- [Task to complete] Transcribe exactly the stretch of lines beginning at the one containing "Shale Gri (EBD)" and closing with the last line of the entries below. Omit images.
= = =
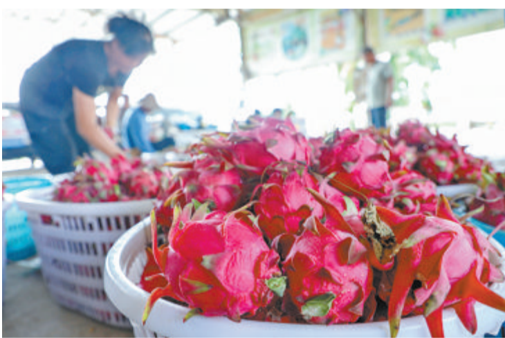
农户收获翔安大宅火龙果。

分至10时30分,授粉时间很短,如果遇到雨水就无法正常授粉,导致减产。”陈锦芳说,翔安区气象局提前预测到当晚当地会有阵雨或雷阵雨“突袭”,于是提前以微信群等方式,通知广大种植户。
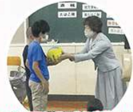
絵はがきコンクールに応募された小学校へドッジボールプレゼント
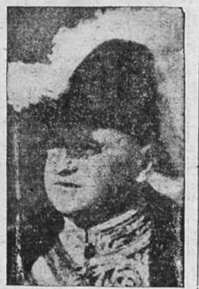
El general Benavides, Presidente del Perú, que inauguró ayer la Conferencia Panamericana

El "Berliner Tageblatt" escribe que los argumentos empleados por los propagandistas de Estados Uni-
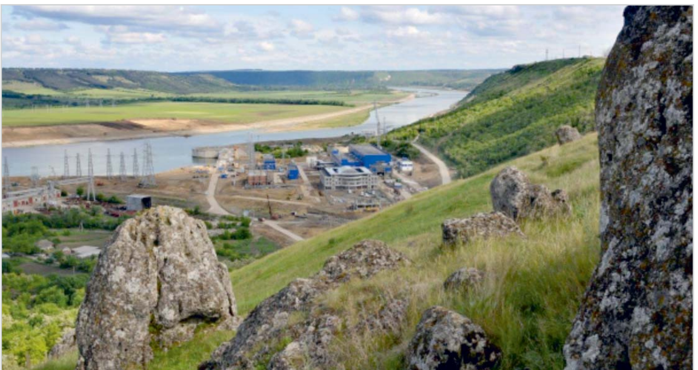
Рис. 2. Фрагмент Днестровского склона в естественном состоянии.

Организация мониторинга — история и настоящее. Принципиальные подходы к созданию и организации системы натурального контроля Днестровской ГАЭС основывались, с одной стороны, на положениях нормативных и рекомендательных документов, действующих в то время в области гидроэнергетического строительства, когда обязанности за организацию контроля за безопасностью строящихся сооружений возлагали на
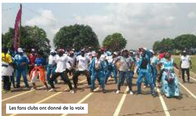
Les fans clubs ont donné de la voix
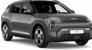
Shale Gri (EBD)
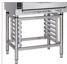
Supports de 5 ou 10 plateaux.
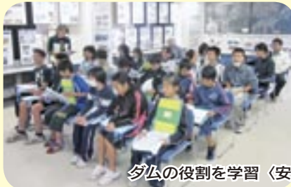
ダムの役割を学習 〈安庭小学校〉管理庁舎屋
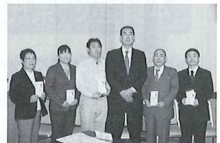
群馬いのちの電話等5団体へ
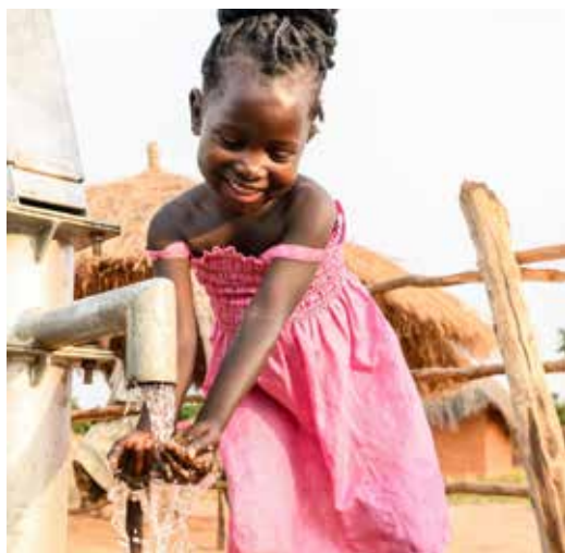
Champo (5 år) drikker rent vann fra vannpumpen i nærheten av hjemmet deres.

Akkurat nå gjør menigheter over hele Norge seg klare til å gjøre en forskjell. Til å forandre noe for andre. Det gjør vi gjennom å samle inn penger til Kirkens Nødhjelps fasteaksjon.
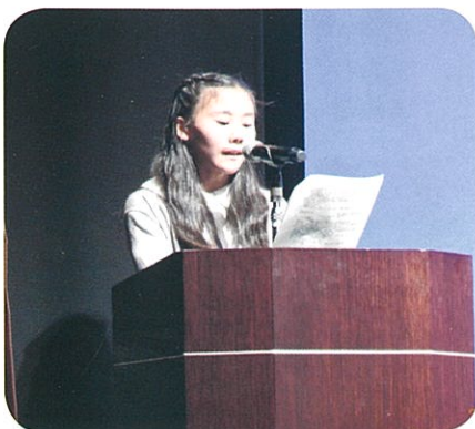
司会 一語一語はつきりと

作文表彰、運営、エキシビジョンの演奏、それぞれに参加の形は異なりますが、皆がひとつになって式典を開催、感動の一日となりました。
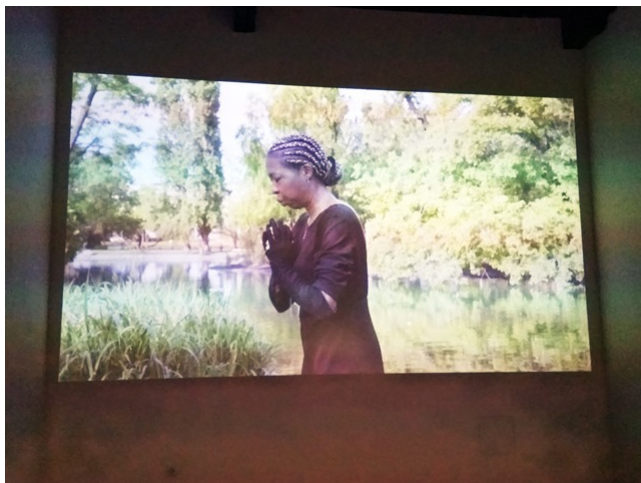
Eines der Rituale.

Jede der fünf Performerinnen nimmt sich nach und nach die Orte vor und führt magisch-anmutende Rituale durch, für die Ritualgegenstände zur Reinigung und Heilung der Plätze angefertigt wurden. Die Frauen versuchen mit Gesten, Tanz oder den Ritualgegenständen den Platz zu reinigen und zu heilen. Eine besonders einprägsame Gestik vollführte eine Performerin auf einer Bank, als sie eine „Wunde“ im Holz der Rückenlehne mit einem Klebeband verschloss.
= = =
- [Exercise answer]
Shale Gri (EBD)
Supports de 5 ou 10 plateaux.
ダムの役割を学習 〈安庭小学校〉管理庁舎屋
群馬いのちの電話等5団体へ
Champo (5 år) drikker rent vann fra vannpumpen i nærheten av hjemmet deres.

Akkurat nå gjør menigheter over hele Norge seg klare til å gjøre en forskjell. Til å forandre noe for andre. Det gjør vi gjennom å samle inn penger til Kirkens Nødhjelps fasteaksjon.
司会 一語一語はつきりと

作文表彰、運営、エキシビジョンの演奏、それぞれに参加の形は異なりますが、皆がひとつになって式典を開催、感動の一日となりました。
Eines der Rituale.

Jede der fünf Performerinnen nimmt sich nach und nach die Orte vor und führt magisch-anmutende Rituale durch, für die Ritualgegenstände zur Reinigung und Heilung der Plätze angefertigt wurden. Die Frauen versuchen mit Gesten, Tanz oder den Ritualgegenständen den Platz zu reinigen und zu heilen. Eine besonders einprägsame Gestik vollführte eine Performerin auf einer Bank, als sie eine „Wunde“ im Holz der Rückenlehne mit einem Klebeband verschloss.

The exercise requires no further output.